Jeffrey Wilson has at one time worked as an actor, a firefighter, a paramedic, a jet pilot, a diving instructor, a Naval Officer, and a Vascular and Trauma Surgeon. He also served numerous tours in Iraq and Afghanistan as a Navy combat surgeon, deploying with an East Coast-based SEAL Team as part of a Joint Special Operations Task Force. The co-author of several #1-selling thrillers, he goes solo for his military thriller War Torn. Based on personal experiences, War Torn details a young man’s crisis of faith after a tour of combat duty in Afghanistan turns tragic. In this interview, Jeffrey shares the facts behind the fiction, the challenges for a Christian author writing about violent events, and the ministerial heart behind the project…
Jeffrey, War Torn is based on your personal experiences. How much of this book is “what happened” vs you wrote a story “inspired” by certain real events?
For sure, I’d have to say that this is inspired much more than what happened in terms of the story events. My own deployments and the events leading to my own crisis of faith are pretty different from those that Jake experiences in War Torn.
I intentionally wrote Jake as the “Everyman” kind of soldier, because it was important to me that he be relatable to very diverse cross section of war time experience. Anyone who has suffered loss or seen death or taken a life in a war zone can related to the things Jake experiences.
Had I written this from the perspective an elite Navy SEAL, as I do in my other works such as the Tier One series, it may have been more exciting and entertaining, but it would have resonated with a much smaller population of war fighters.
The feelings of loss, the guilt, the questions about where God is in the horrors or war, why a loving God could allow such things—these are more universal, and for certain I drew heavily on my personal experiences in this part of the book than in the earlier chapters.
My wife Wendy was a huge part of my finding my way back to God, and her own of dealing with all that we went through heavily informs the struggles of Rachel in the book. And I could never have come close to writing the story of the pastors in the book without close counsel from my good friends Pastor Chris Bonham and Pastor Craig Altman.
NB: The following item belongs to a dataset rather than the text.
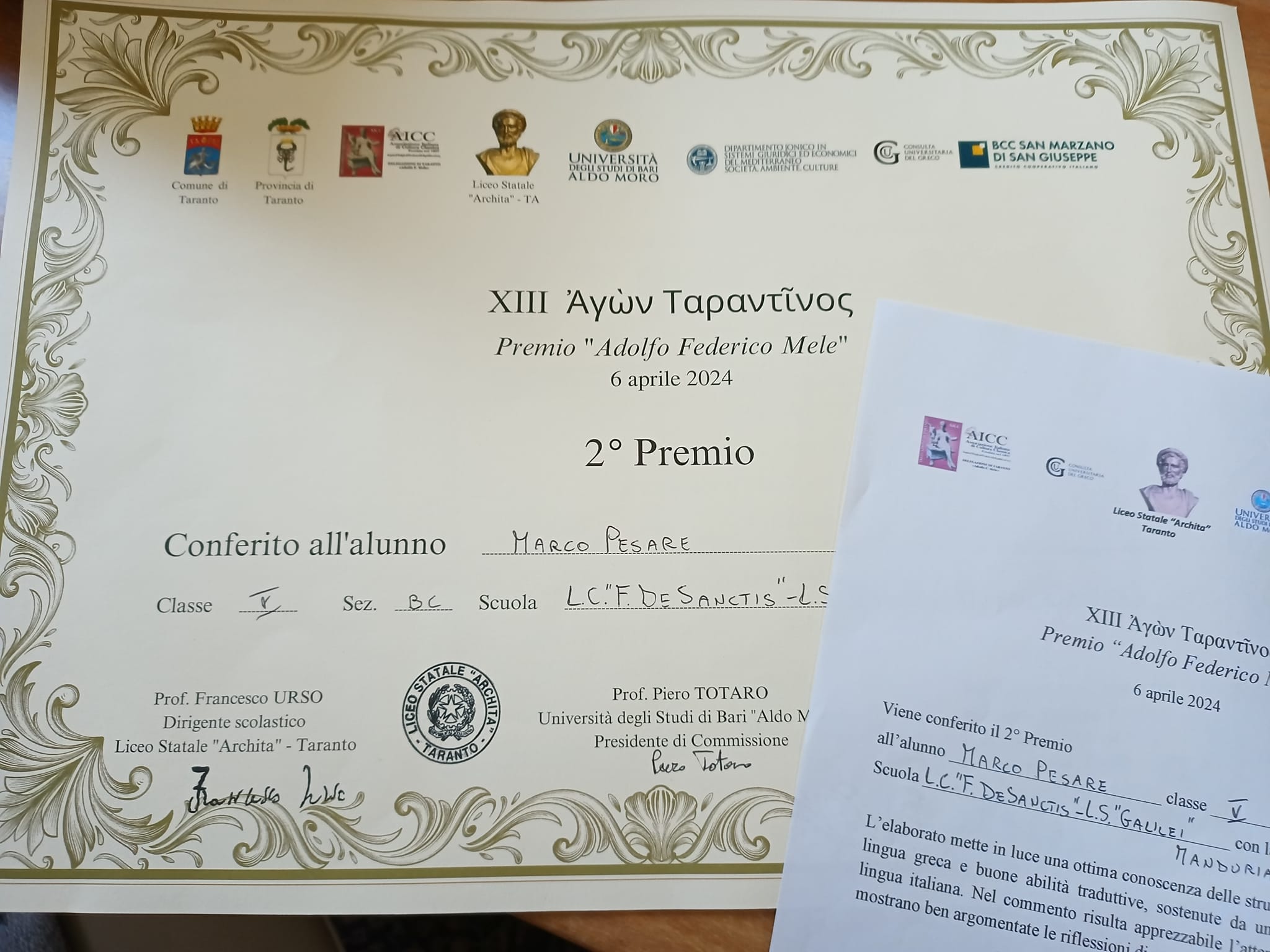 Marco Pesare (liceo classico “De Sanctis-Galilei”) si è classificato al secondo posto alla gara di traduzione di greco Agone Tarantino – Premio “Adolfo F. Mele”, confermando il brillante piazzamento dello scorso anno.

So, there are a lot of true stories and emotions wrapped up in the story of Jake and Rachel, as well as Craig and Chris, but the details of the story are just that, a story designed to resonate broadly with those who have their own stories and struggles.
You’ve written a number of thrillers as a co-author. What inspired you to write War Torn yourself? What are the pros and cons of writing vs. co-writing?
Brian and Andrews and I have certainly enjoyed considerable success as the co-author team for the bestselling Tier One series as Andrews and Wilson. That experience, and my close friendship with Brian, has been incredible, and both of us are certainly best known for that collaboration.
But we both wrote independently before and continue to do so now. The secret to our partnership in the Tier One series, the Nick Foley series, and the projects we have coming out over the next year, is that we both bring something to the table that the other can’t do as well alone. War Torn is my story, and not something that Brian could really help me with.
I will tell you it’s a real challenge now to write without Brian. He is an amazing and insightful writer that pushes me to be a better writer. We do less and less independent from each other these days, but this was a story I needed to tell on my own. If you have the write writing partner, as I truly do, writing as a team is amazing, and easy. The only advantage of writing solo for me now is if there is a story, such as this one, that I can only tell alone.
As an author, what lessons or traits did you carry from your co-authors into your own book?
There is no question that writing with Brian has made me a better writer. I hope he would say the same. The key to our partnership is there’s no ego and no pride. I know my strengths and my weaknesses, and so does he. When there’s something that he’s better at, I trust him to help craft that part of the book and make it even better, and vice versa.
But as you’re alluding to, after a time, you get better and improve your areas of weakness. Working with Brian has made me much more attentive to details of my prose and I think that’s helped me a lot. While I wrote War Torn on my own, there is still a ton of the Andrews-Wilson brand in the end product.